BEGIN Source material
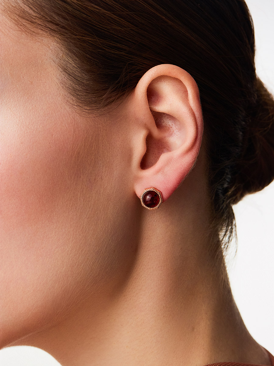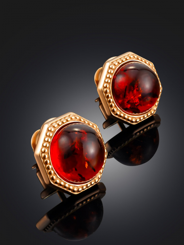 Позолоченные серьги-гвоздики «Шахерезада» с коньячным янтарём
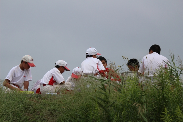 本日はグランド大改造のため高台で昼食♪風が気持ちいい季節になりました♪
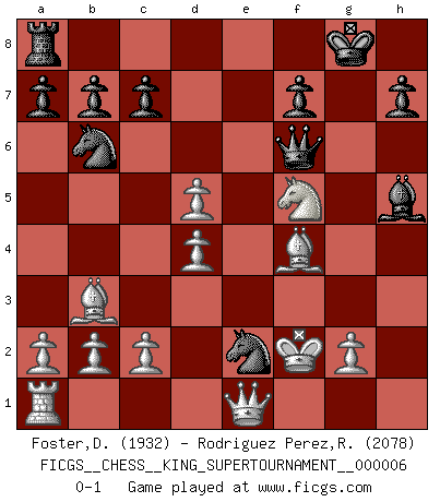 Last move : 0-1 2019 November 25 13:23:46 [Event "FICGS__CHESS__KING_SUPERTOURNAMENT__000006"] [Site "FICGS"] [Date "2019.09.02"] [Round "1"] [White "Foster,Duncan"] [Black "Rodriguez Perez,Rene"] [Result "0-1"] [WhiteElo "1932"] [BlackElo "2078"] 1.e4 e5 2.f4 exf4 3.Nf3 g5 4.h4 g4 5.Ne5 Nf6 6.Bc4 d5 7.exd5 Bd6 8.d4 Nh5 9.O-O O-O 10.Nxg4 Qxh4 11.Nh2 Nd7 12.Nf3 Qg4 13.Nh2 Qg5 14.Nf3 Qg7 15.Nc3 Ng3 16.Nb5 Nb6 17.Bb3 Re8 18.Re1 Bg4 19.Nxd6 Rxe1+ 20.Qxe1 Bxf3 21.Kf2 Bh5 22.Bxf4 Ne2 23.Nf5 Qf6 0-1 KGA : Kieseritsky, Berlin defense, 6.Bc4 Kingside Castling by player White (move 9) Kingside Castling by player Black (move 9) Player Black won this chess game. Follow this game move after move (download)I'm not afraid of Spassky. The world knows I'm the best. You don't need a match to prove it. (Bobby Fischer) Zeige mir drei Eröffnungsvarianten und ich beweise dir, dass zwei davon inkorrekt sind. (Emanuel Lasker) Puntos débiles o agujeros en la posición de tu oponente deben de ser ocupados por piezas, no Peones. (Siegbert Tarrasch) La vie et les Echecs sont tous les deux une lutte constante. (Lasker) Perseverance does not equal worthiness. Next time you want to get my attention, wear something fun. Low-riding jeans are hot. (Gregory House, House M.D.)
END Source material
- [Work instructions]: Word for word, reproduce all of the data, but keep out the pictures.

- [Solution for this problem]:
 Позолоченные серьги-гвоздики «Шахерезада» с коньячным янтарём
 本日はグランド大改造のため高台で昼食♪風が気持ちいい季節になりました♪
 Last move : 0-1 2019 November 25 13:23:46 [Event "FICGS__CHESS__KING_SUPERTOURNAMENT__000006"] [Site "FICGS"] [Date "2019.09.02"] [Round "1"] [White "Foster,Duncan"] [Black "Rodriguez Perez,Rene"] [Result "0-1"] [WhiteElo "1932"] [BlackElo "2078"] 1.e4 e5 2.f4 exf4 3.Nf3 g5 4.h4 g4 5.Ne5 Nf6 6.Bc4 d5 7.exd5 Bd6 8.d4 Nh5 9.O-O O-O 10.Nxg4 Qxh4 11.Nh2 Nd7 12.Nf3 Qg4 13.Nh2 Qg5 14.Nf3 Qg7 15.Nc3 Ng3 16.Nb5 Nb6 17.Bb3 Re8 18.Re1 Bg4 19.Nxd6 Rxe1+ 20.Qxe1 Bxf3 21.Kf2 Bh5 22.Bxf4 Ne2 23.Nf5 Qf6 0-1 KGA : Kieseritsky, Berlin defense, 6.Bc4 Kingside Castling by player White (move 9) Kingside Castling by player Black (move 9) Player Black won this chess game. Follow this game move after move (download)I'm not afraid of Spassky. The world knows I'm the best. You don't need a match to prove it. (Bobby Fischer) Zeige mir drei Eröffnungsvarianten und ich beweise dir, dass zwei davon inkorrekt sind. (Emanuel Lasker) Puntos débiles o agujeros en la posición de tu oponente deben de ser ocupados por piezas, no Peones. (Siegbert Tarrasch) La vie et les Echecs sont tous les deux une lutte constante. (Lasker) Perseverance does not equal worthiness. Next time you want to get my attention, wear something fun. Low-riding jeans are hot. (Gregory House, House M.D.)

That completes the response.